“Success” vs Significance
5 December 2025 - The Creative Stone Company
For those who have been following my journey, I want to introduce myself properly. That means being honest. Raw. Unfiltered.
My name is Ali. Some know me as Alleycat. Some as Mama Gold, a name given to me during a Gold TV series that stayed with me. My close friends know me as Jessica, my middle name. Jessica is lighter, freer, more playful. Alison can be serious. Ali is warm, open, and less guarded.
For a long time, I didn’t believe my story mattered. I didn’t believe my voice mattered.
In 2025, I received harsh criticism from family about my visibility. It broke me more than I expected. I retreated for months into silence, into safety, into healing. I had to look myself in the mirror and ask myself whether being visible was worth the cost.
Visibility had already taken courage. It meant telling the truth about the shame I carried for over thirty years, around those I had let down. The shame that lived in my body through emotional eating. Shame that fed anxiety, depression, and constant overthinking. Fear ruled my life. What will people think? That question shaped everything.
In my fifties, after a severe internal fraud, I reached a breaking point. I had to find a different way. What followed was not just a health journey, but a spiritual one. A journey that reshaped my identity and confronted the deep belief that I was never good enough.
Today, in my silver years, I am living a second chance.
A second chance to be a better wife, mother, mentor, and leader. A second chance to live with more simplicity, more presence, and more freedom.
Insecurity once made me fearful and judgmental. Social anxiety followed me everywhere. I avoided being seen. I hated photos. I felt like an embarrassment in a sporty family where I never quite belonged. Hiding became my protection, but it also kept people at a distance.
Freedom came when I stopped fighting my body and started listening to my soul.
I am no longer defined by a scale. I have not weighed myself in seven years. I no longer eat my pain or wear my shame. I moved from being a couch potato in my fifties to an athlete in my sixties. Not through discipline alone, but through healing.
I didn’t change the shape of my body. I changed the shape of my soul.
Writing about second chances changed everything. As I shared my story, joy returned. Purpose became clear. I am living my “second marriage”, my second chance. I am not the woman my husband married and I rejoice in that! Growth has redefined me.
The past 18 months, I have been on twenty one global podcasts. Every time I learnt, I grew.
If that sounds glamorous, it was not. It was often alone at midnight. Every time my heart was hammering in my chest. Sometimes I botched things. Sometimes I felt raw.

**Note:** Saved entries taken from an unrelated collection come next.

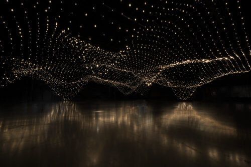 The Live Arts Miami-Superblue experience is set against the backdrop of Superblue’s “Pulse Topology” exhibit, an installation created by Mexican-Canadian artist Rafael Lozano-Hemmer known for his participatory installations. Consisting of 3,000 suspended light bulbs, Lozano-Hemmer’s works are activated by participants’ real-time biometric data such as their heartbeats, breaths, voices or fingerprints.
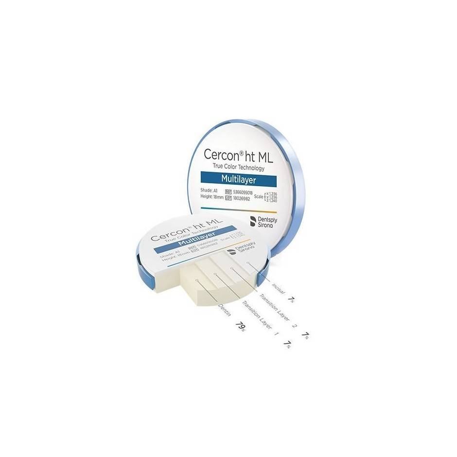 CERCON® ht ML este discul hibrid de zirconiu care combina estetica naturala a discului XTML la nivel incizal (750 MPa) cu rezistenta discului HT la nivel de dentina (1.200 MPa) pentru o gama extinsa de aplicatii, de la o coroana solo pana la o punte de 14 elemente – fara a conditiona plasarea elementelor in disc, chiar si pentru punti extinse*
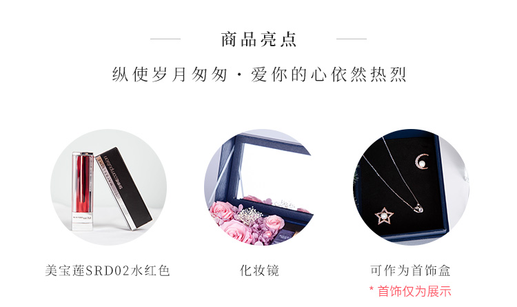 厄瓜多尔进口永生粉玫1朵(直径6-7CM)、粉色小玫瑰2朵、进口粉色永生玫瑰1朵、进口粉色珍珠2颗、进口粉绣球适量、进口满天星适量;搭配专柜正品美宝莲绝色持久纵情耀系列#SRD02水红色口红(星钻小灯管唇膏,经典莹润,星钻闪耀,人气断货色!!!)
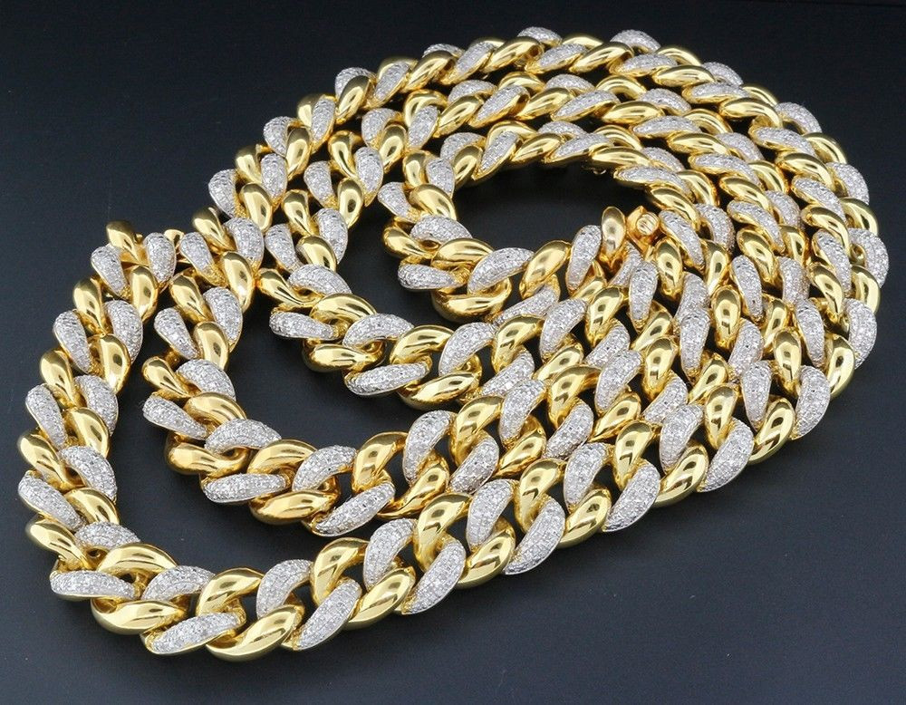 New to our Rodeo Jewelers collection is this very popular Miami Cuban Chain with diamonds. Cast in Solid Sterling Silver with yellow gold polishing to give it a real yellow gold look. This chain has weight to it and is a perfect length. The necklace has white diamonds in pave setting. White diamond links are alternating with solid links. The non-diamond links are high polished for a great shine. This chain is only a fraction of what the gold and diamond ones cost. Great addition to your jewelry collection.

At other times I left the screen in the early hours feeling an elation, an aliveness I had never felt in my entire life. A sense of knowing. Of living my message.
Something shifted over this era, it was as if the world was telling me my words mattered. Not because I am great. The very opposite. Because I was so deeply vulnerable. Every single time. Because I was willing to speak and write without armour.
In the past 18 months, I have written articles or been interviewed in 82 publications, most of which are global.
That has deepened my identity as a writer, living in the scary terrifying magnificence and mystery of second chances.
My words seemed to matter not because I am exceptional, but because I was willing to be so vulnerable.
Facilitating spaces where people feel safe to share their stories has become my true calling. When someone tells me that hearing me speak stopped them from taking their own life, I know this is not a career. It is a calling.
So my vision for 2026 is this:
To live fully visible, fully embodied, and free from shame.
To choose love over fear and courage over condemnation.
To help others believe that a second chance is possible, no matter their age or season.
To write, speak, and live in a way that invites people to know that their story matters.
There will always be critics. But living alongside critics is far easier than living in self-hatred. I did that for too long.
In 2026, I choose love.
I choose courage.
I choose helping others to rewrite their story.